- Opening Delimiter -

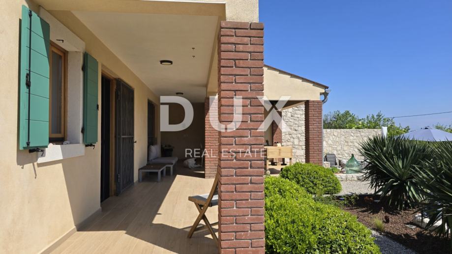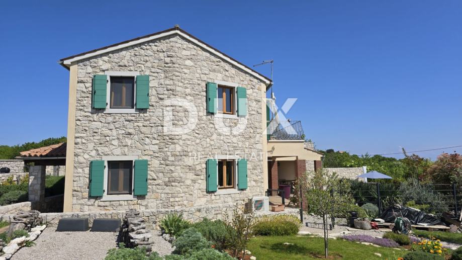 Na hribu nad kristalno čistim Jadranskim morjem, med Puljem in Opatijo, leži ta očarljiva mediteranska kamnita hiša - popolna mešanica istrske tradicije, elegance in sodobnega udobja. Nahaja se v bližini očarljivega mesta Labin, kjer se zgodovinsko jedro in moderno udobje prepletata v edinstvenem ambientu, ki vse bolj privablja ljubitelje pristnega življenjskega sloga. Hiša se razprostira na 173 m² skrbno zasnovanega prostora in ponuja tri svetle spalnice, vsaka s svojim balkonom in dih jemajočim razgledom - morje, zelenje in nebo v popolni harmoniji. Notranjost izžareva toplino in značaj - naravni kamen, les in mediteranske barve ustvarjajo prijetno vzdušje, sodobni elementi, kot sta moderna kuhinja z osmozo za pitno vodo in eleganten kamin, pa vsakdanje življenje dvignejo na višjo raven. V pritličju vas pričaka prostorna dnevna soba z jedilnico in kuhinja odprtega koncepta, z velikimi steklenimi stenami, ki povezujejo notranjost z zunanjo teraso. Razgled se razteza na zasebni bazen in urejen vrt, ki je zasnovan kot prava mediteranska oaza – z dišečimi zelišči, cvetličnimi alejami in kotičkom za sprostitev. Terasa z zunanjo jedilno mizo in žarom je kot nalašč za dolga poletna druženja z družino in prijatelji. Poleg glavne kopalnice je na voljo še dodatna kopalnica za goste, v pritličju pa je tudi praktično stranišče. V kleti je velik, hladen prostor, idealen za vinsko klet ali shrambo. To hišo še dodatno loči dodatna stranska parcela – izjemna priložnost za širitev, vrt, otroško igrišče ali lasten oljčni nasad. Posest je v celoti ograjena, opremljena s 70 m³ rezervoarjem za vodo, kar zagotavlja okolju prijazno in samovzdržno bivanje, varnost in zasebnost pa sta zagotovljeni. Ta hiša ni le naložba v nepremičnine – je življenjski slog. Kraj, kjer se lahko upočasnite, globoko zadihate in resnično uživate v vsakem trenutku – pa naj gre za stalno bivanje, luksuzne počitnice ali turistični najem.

- Closing Delimiter -
- Opening Delimiter -

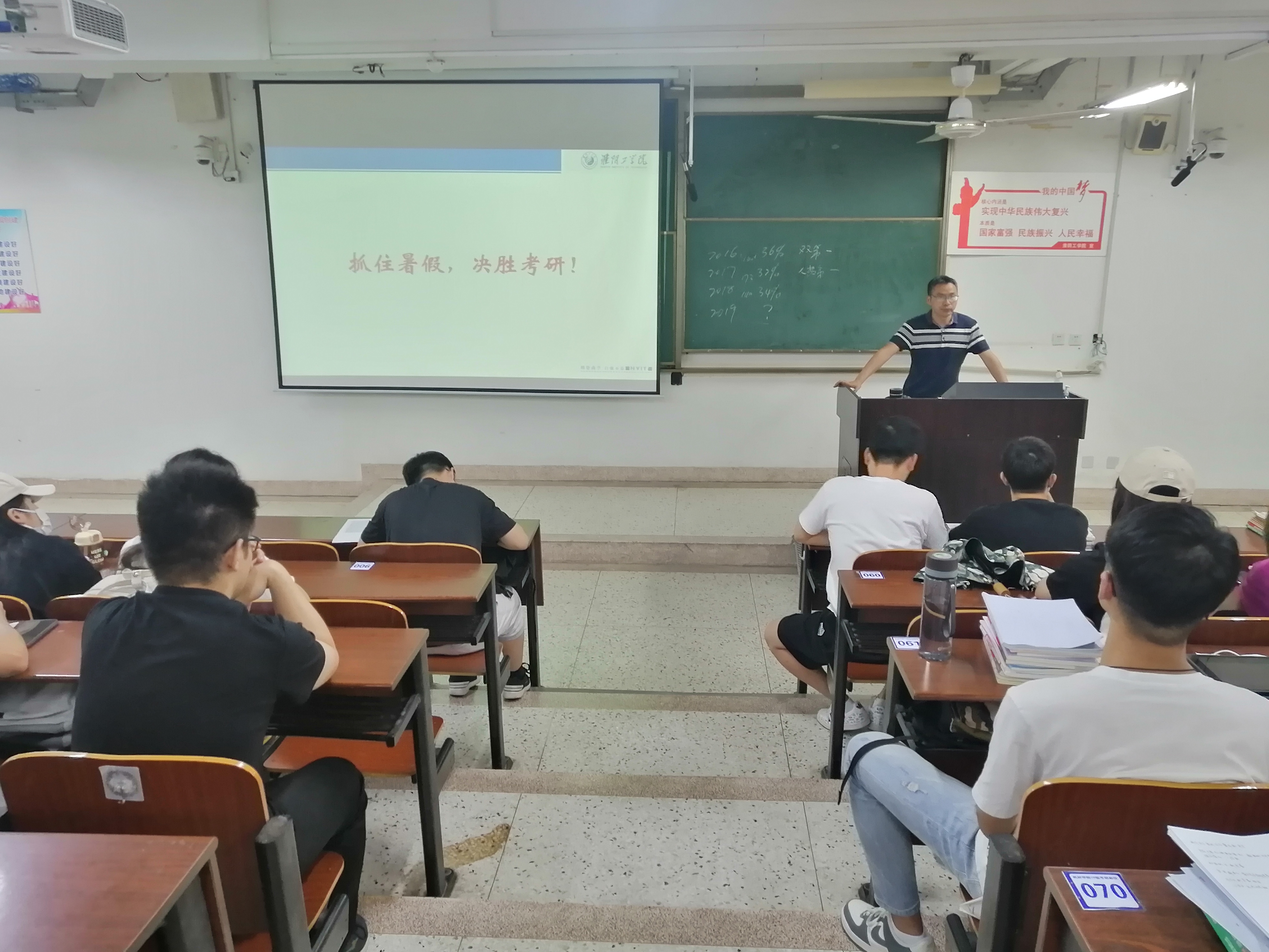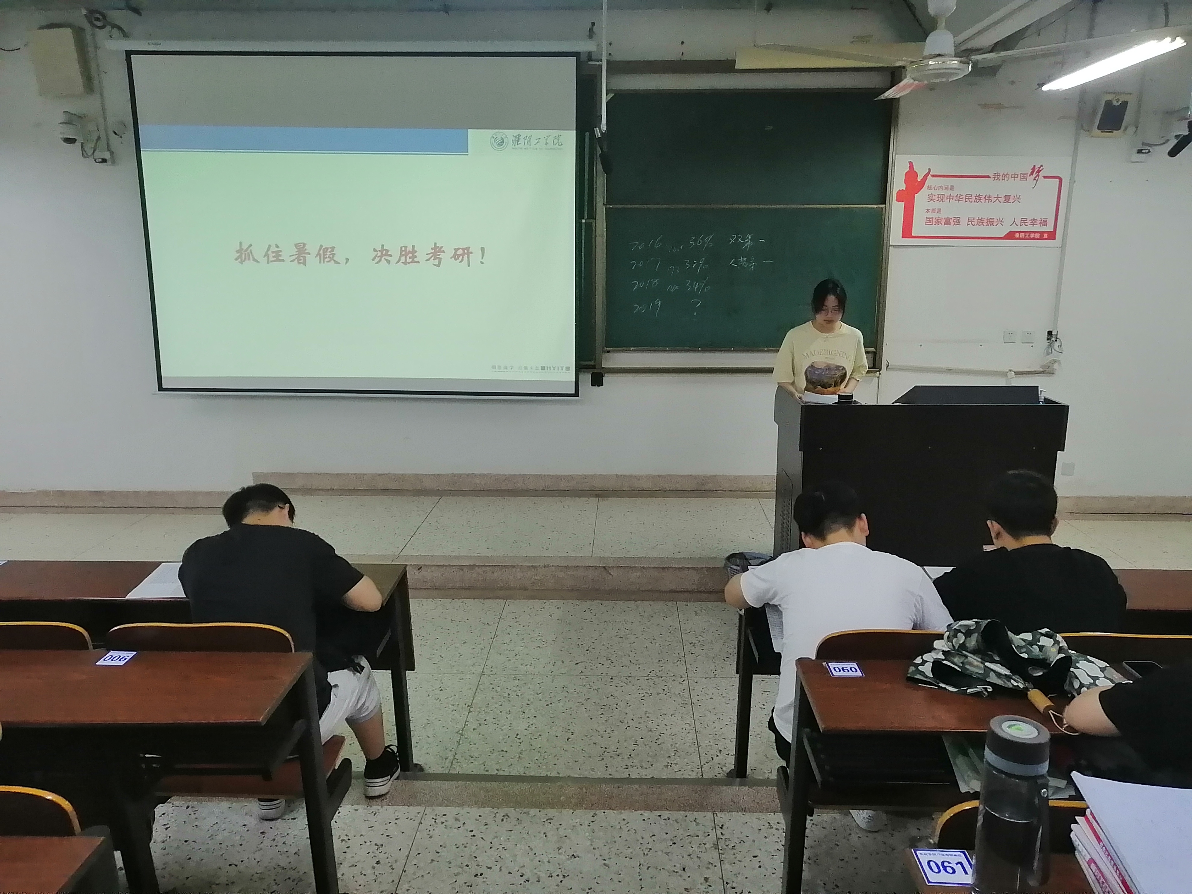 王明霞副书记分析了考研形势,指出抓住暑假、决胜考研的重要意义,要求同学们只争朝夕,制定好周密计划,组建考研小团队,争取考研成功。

- Closing Delimiter -
- Opening Delimiter -

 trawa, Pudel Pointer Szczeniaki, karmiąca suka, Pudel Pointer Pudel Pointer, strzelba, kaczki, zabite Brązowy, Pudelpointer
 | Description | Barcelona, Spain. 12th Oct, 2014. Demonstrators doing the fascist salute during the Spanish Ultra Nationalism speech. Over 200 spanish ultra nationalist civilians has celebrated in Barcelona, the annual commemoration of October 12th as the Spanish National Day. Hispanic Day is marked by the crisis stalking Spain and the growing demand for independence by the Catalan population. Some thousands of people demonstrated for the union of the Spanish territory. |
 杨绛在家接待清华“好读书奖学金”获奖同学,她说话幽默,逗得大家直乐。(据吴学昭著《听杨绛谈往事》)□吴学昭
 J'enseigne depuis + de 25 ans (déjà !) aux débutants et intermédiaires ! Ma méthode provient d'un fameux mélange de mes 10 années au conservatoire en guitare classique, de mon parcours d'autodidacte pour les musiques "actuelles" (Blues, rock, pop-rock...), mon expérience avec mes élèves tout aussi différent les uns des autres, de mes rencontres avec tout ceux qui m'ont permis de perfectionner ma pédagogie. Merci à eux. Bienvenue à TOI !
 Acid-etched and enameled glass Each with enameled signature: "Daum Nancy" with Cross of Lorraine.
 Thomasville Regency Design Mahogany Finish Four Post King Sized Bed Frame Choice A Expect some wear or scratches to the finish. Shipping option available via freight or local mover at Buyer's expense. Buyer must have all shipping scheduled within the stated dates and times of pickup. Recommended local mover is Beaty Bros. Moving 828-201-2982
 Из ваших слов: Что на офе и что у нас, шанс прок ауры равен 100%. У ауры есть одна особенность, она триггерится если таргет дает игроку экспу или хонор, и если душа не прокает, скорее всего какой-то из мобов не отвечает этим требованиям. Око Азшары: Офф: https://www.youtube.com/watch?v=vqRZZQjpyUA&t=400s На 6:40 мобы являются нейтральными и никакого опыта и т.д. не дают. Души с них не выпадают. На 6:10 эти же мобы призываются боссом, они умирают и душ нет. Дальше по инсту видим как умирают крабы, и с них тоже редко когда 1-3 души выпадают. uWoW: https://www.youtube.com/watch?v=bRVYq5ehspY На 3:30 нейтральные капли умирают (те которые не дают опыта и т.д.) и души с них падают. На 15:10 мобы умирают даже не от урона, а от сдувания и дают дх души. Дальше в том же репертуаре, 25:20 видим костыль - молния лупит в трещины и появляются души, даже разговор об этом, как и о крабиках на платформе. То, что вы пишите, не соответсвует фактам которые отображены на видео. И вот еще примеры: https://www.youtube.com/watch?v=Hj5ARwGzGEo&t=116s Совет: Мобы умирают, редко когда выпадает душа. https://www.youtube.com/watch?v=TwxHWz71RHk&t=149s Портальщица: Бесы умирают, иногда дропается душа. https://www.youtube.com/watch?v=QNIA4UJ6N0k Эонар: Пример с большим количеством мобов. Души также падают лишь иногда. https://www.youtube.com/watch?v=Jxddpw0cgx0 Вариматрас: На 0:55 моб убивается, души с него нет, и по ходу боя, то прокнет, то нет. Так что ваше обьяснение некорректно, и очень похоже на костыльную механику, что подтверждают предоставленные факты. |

- Closing Delimiter -

* _What you have to do_
Look above for the line with "Spanish territory. |"; retype exactly that line, every line after it up to the line with "Thomasville Regency Design", and that line too, nothing else.

* _Task solution_
 | Description | Barcelona, Spain. 12th Oct, 2014. Demonstrators doing the fascist salute during the Spanish Ultra Nationalism speech. Over 200 spanish ultra nationalist civilians has celebrated in Barcelona, the annual commemoration of October 12th as the Spanish National Day. Hispanic Day is marked by the crisis stalking Spain and the growing demand for independence by the Catalan population. Some thousands of people demonstrated for the union of the Spanish territory. |
 杨绛在家接待清华“好读书奖学金”获奖同学,她说话幽默,逗得大家直乐。(据吴学昭著《听杨绛谈往事》)□吴学昭
 J'enseigne depuis + de 25 ans (déjà !) aux débutants et intermédiaires ! Ma méthode provient d'un fameux mélange de mes 10 années au conservatoire en guitare classique, de mon parcours d'autodidacte pour les musiques "actuelles" (Blues, rock, pop-rock...), mon expérience avec mes élèves tout aussi différent les uns des autres, de mes rencontres avec tout ceux qui m'ont permis de perfectionner ma pédagogie. Merci à eux. Bienvenue à TOI !
 Acid-etched and enameled glass Each with enameled signature: "Daum Nancy" with Cross of Lorraine.
 Thomasville Regency Design Mahogany Finish Four Post King Sized Bed Frame Choice A Expect some wear or scratches to the finish. Shipping option available via freight or local mover at Buyer's expense. Buyer must have all shipping scheduled within the stated dates and times of pickup. Recommended local mover is Beaty Bros. Moving 828-201-2982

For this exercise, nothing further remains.